Солнце, вернее, его бледная, болезненная пародия, пробивавшаяся сквозь вечный дымный купол над «Ульем», не принесло тепла. Его свет был холодным и выбеленным, он лишь подсветил пепел, осевший на разбитые камни и потухшие глаза выживших, подчеркнув безнадёжную серость этого места. Лагерь просыпался с тяжёлым похмельем, и виной тому был не только грибной самогон — в воздухе висела густая приглушённость, будто после взрыва, отзвук которого все ещё слышен кожей. Даже привычный гул голосов казался приглушённым, словно звук доносился из-под толщи воды.

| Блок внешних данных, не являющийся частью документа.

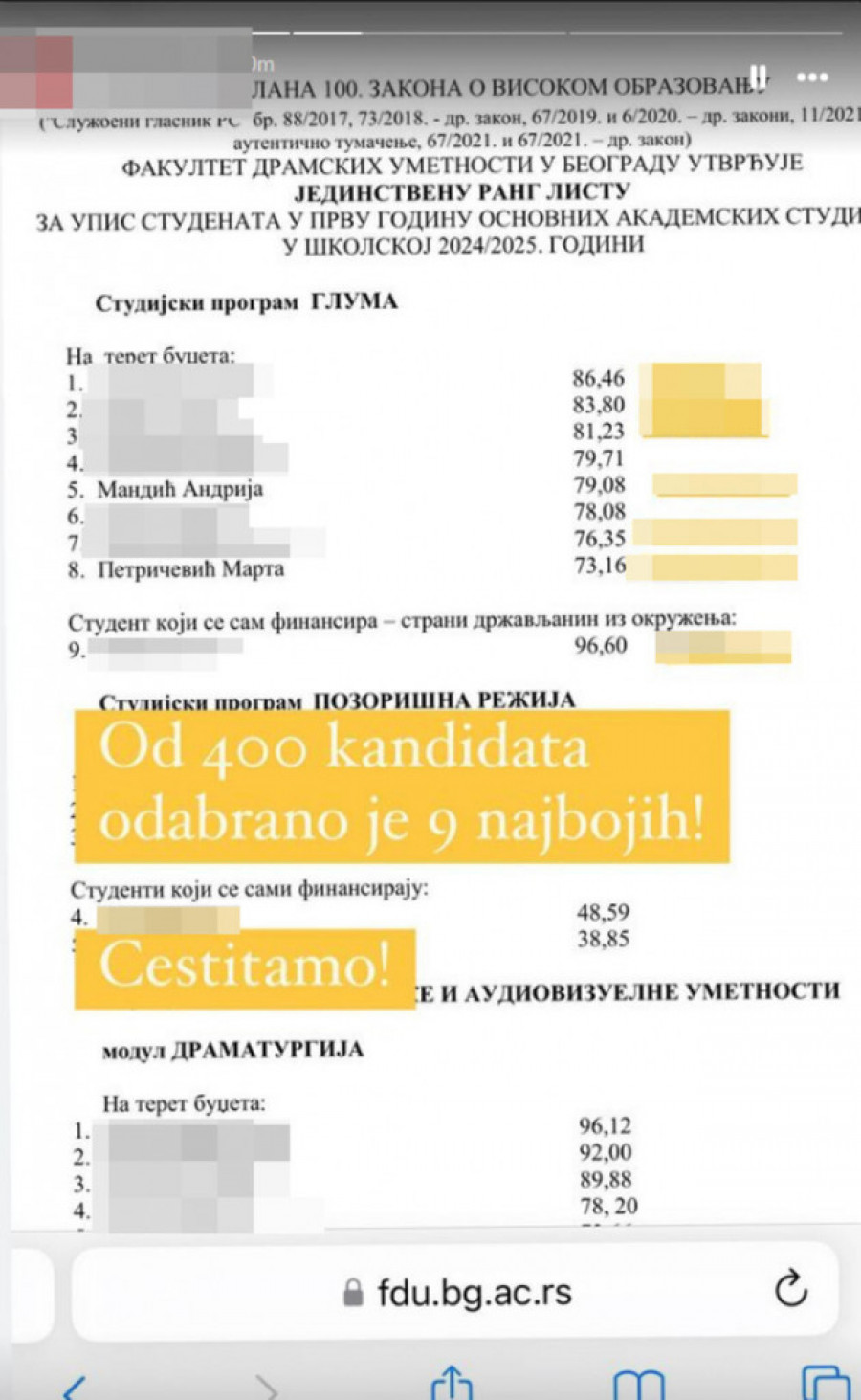 Naime, ovog leta je Andrija Mandić upisao Fakultet dramskih umetnosti, smer gluma, u klasi profesorke Marije Milenković, dok će mu koleginica i prijateljica sa studija biti Marta Petričević, ćerka Nele Mihailović.

Воздух в их углу общего помещения был спёртым и густым, как в склепе. Он вязко пах старым страхом, пылью и свежим, едким стыдом, который, казалось, въелся в самые стены, в поры камня, смешавшись с запахом их тел в один удушливый коктейль. Алиса стояла у узкой бойницы, впуская внутрь сырой, пронизывающий ветер, который казался чище, чем воздух, которым они дышали. Она смотрела, не видя, на суету внизу, где люди копошились, как насекомые в разорённом муравейнике, слепо следующие своим инстинктам. Её спина была прямой, почти одеревеневшей, но тонкие пальцы, впившиеся в шершавый камень проёма, были белыми и восковыми, будто вылепленными из мертвенной глины. На ней была чистая, хоть и потрёпанная куртка — она сменила одежду на рассвете, содрав с себя ту, что воняла им, его потом и кислым запахом унижения, и бросила её в дальний угол, как выбрасывают падаль, заражённую чумой. Казалось, она содрала бы с себя и кожу, если бы могла, лишь бы стереть память о его прикосновениях, выжечь ту часть себя, что навсегда оказалась осквернённой.

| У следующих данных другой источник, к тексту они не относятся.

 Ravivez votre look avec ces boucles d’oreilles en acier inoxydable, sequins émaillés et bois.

Марк лежал на своей койке, спиной к миру, к ней, к самому себе. Он не спал. Спастись бегством в сон не получалось — сознание упрямо цеплялось за реальность, как утопающий за острые камни. Каждый раз, как веки смыкались, перед ним вставало не просто её лицо — а та микромимика, что он успел уловить в последний миг: тонкие морщинки у крыльев носа, искажённые не болью, а леденящим, физиологическим отвращением, и её хриплый, сорванный шёпот, прозвучавший как приговор:
«Ты — вещь». Этот шёпот звенел в ушах громче любого крика, отдаваясь эхом в самой глубине его черепа, смешиваясь с навязчивым воспоминанием о том, как хрустнули кости Когтя.

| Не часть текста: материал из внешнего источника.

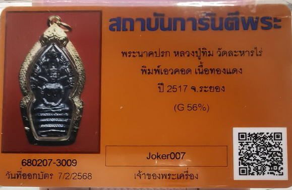 ปี2517 จ.ระยอง เลี่ยมทอง G56% พร้อมบัตรรับรองครับ
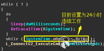 該模塊的通信部分也是通過一個小時為單位的時間定制化任務來執行。也就是說,在黑客實時攻擊過程中也是有可能的通過這個定制化功能在指定的時間里與 C&C 通信,比如深夜時間。如下圖:
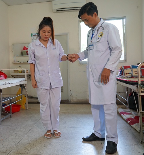 Sau một thời gian điều trị bằng phương pháp châm cứu, chị Vy đã tập tễnh đi lại được. Ảnh: Trần Ngoan.

Он сглотнул ком, подступивший к горлу, горький и солёный, как слеза, которую он не мог пролить, и резко поднялся. Голова гудела, тело ныло, но это было ничто по сравнению с гнетущей тяжестью внутри, словно в его грудной клетке лежала глыба чёрного, холодного камня, сдавливая лёгкие и не давая дышать полной грудью. Он направился к бочке с водой, походка его была неуверенной, будто он забыл, как управлять своими конечностями, будто они стали чужими.
Алиса не повернулась, но её плечи инстинктивно втянулись, сделав линию лопаток острой и хрупкой под тканью куртки. Она чувствовала его приближение каждой воспалённой клеткой, и каждый её нерв натянулся в болезненную струну, готую лопнуть от малейшего прикосновения.
Он зачерпнул воду, плеснул себе в лицо. Ледяная влага обожгла кожу, словно кислота, но не смыла ни липкой грязи под ногтями, ни въевшейся в поры памяти, ни того вкуса её слёз, что стоял у него во рту.
— Надо... поговорить, — просипел он, вытирая лицо рукавом. Слова дались ему с трудом, будто каждый был раскалённой иглой, которую он протаскивал через своё горло. Он чувствовал себя идиотом — какие слова могли что-то изменить после того, что произошло?
Она медленно обернулась. Её лицо было бледным, почти прозрачным, сквозь кожу на висках проступала синеватая сеточка вен, под глазами — тёмные, будто синяки, круги. Но взгляд... взгляд был чистым, холодным и бездонным, как вода в глубине горного озера, куда не проникает солнце. В нём не было ни ненависти, ни гнева — лишь абсолютное, тотальное безразличие, страшнее любой ярости.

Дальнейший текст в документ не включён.